Many sites use bot protection (CDNs, CAPTCHAs, or geographic rules). The connector tries multiple fetch strategies, but no integration can guarantee access. Try a simpler entry URL, reduce crawl rate by lowering scope (URL filters, single-page mode), or host documentation on a domain that allows automated access. Sites that require interactive login cannot be indexed with this connector alone.

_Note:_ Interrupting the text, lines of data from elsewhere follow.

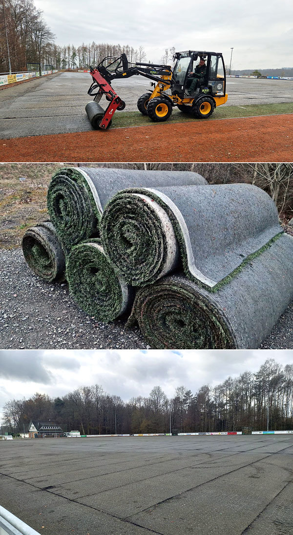 Inzwischen sind die Arbeiten in vollem Gange. Im März begann die Firma KRB im Auftrag des Generalunternehmers Polytan damit, die bisherige Kunstrasendecke mit einem Spezialgerät abzutragen. Dieser Vorgang ist bereits abgeschlossen worden. Etwa 250 Rollen mit dem alten Material wurden von sieben Sattelschleppern wegtransportiert und werden nun zum Teil anderweitig verwendet. So gingen 22 Rollen an den TuS Elsenroth, der damit auf seinem Sportgelände eine Schotterfläche abdecken will. Auch die Gemeinde Nümbrecht sicherte sich zehn Rollen.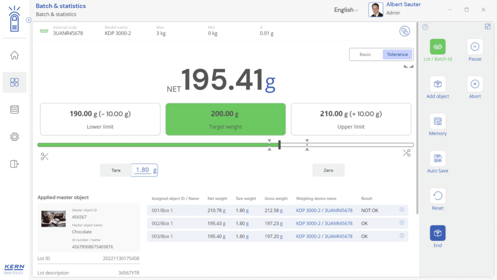 KERN Logiciel EasyTouch SET-31 Tolerance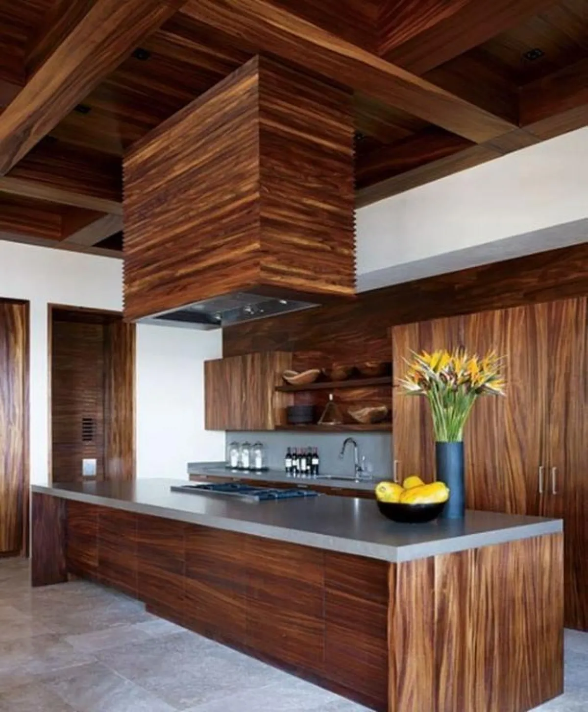 ويؤثث الخشب المطبخَ البسيط الذي تتوسّطه طاولة لتناول الوجبات السريعة، مع الأصدقاء المقربين.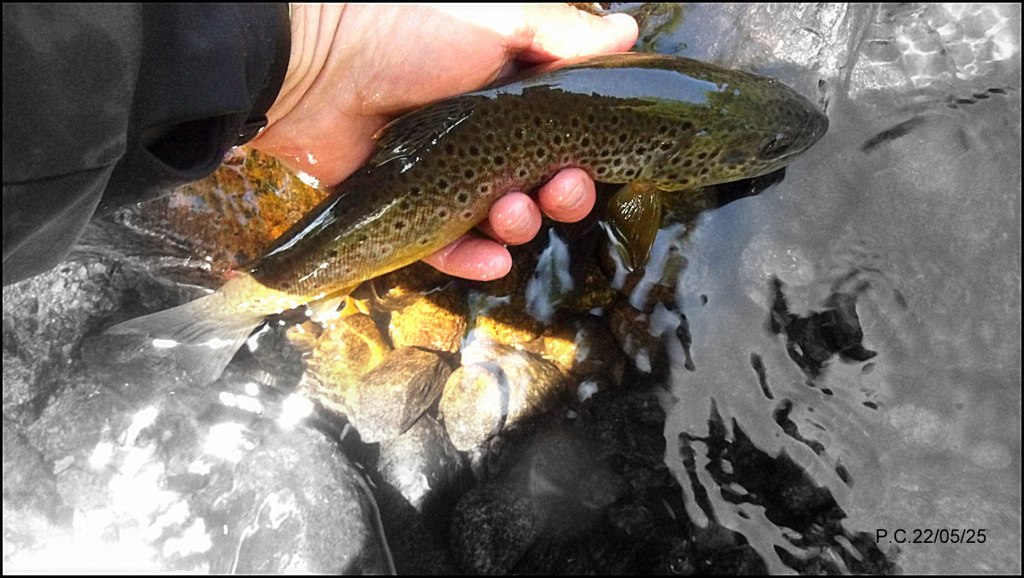 J’accroche ma nymphe, vais pour la décrocher mais un peu de chance elle se défait d’elle même de son emprise, un signe, je relance et jetez un oeil sur la vidéo ci dessous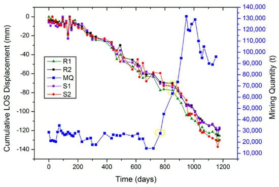 The cumulative LOS subsidence displacement and mining quantity change (the turning points of subsidence displacement and mining quantity are circled by yellow ellipses).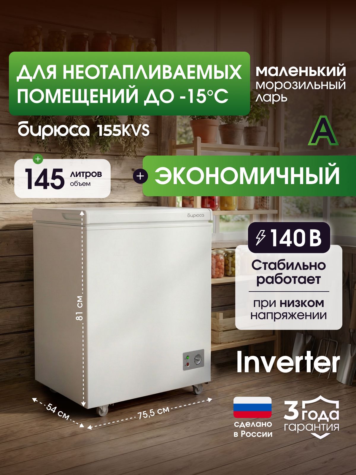 Общий объем морозильной камеры, л - 145; Размеры, мм (ШхГхВ) - 755х540х810; Мощность замораживания (кг/сут) - 11; Годовое потребление, кВт ч/год - 226; Размораживание - Ручное; Класс энергопотребления - A; Макс. уровень шума, дБ - 38; Количество камер - 1; Климатический класс - T +18°C / +43°C; Количество секций - 1; Мин. температура, °С - -18°C; Вид компрессора - Инверторный; Тип - Морозильный ла

Common reasons include: maximum pages or depth reached, URL should contain filtering out branches, same-domain rules excluding external links, path restriction excluding parent or sibling paths, extension filters, size limits skipping large files, non-retryable HTTP errors (for example 404), or links pointing only to asset types the crawler does not follow as pages.
No. The root URL and domain are fixed for the lifetime of the connector instance. To index a different site or domain, create a new Web connector.
For team scope, records are readable at the organization level as configured by PipesHub. For personal scope, ownership-style permissions are tied to the user who created the connector. Exact behavior matches your workspace’s connector permission model.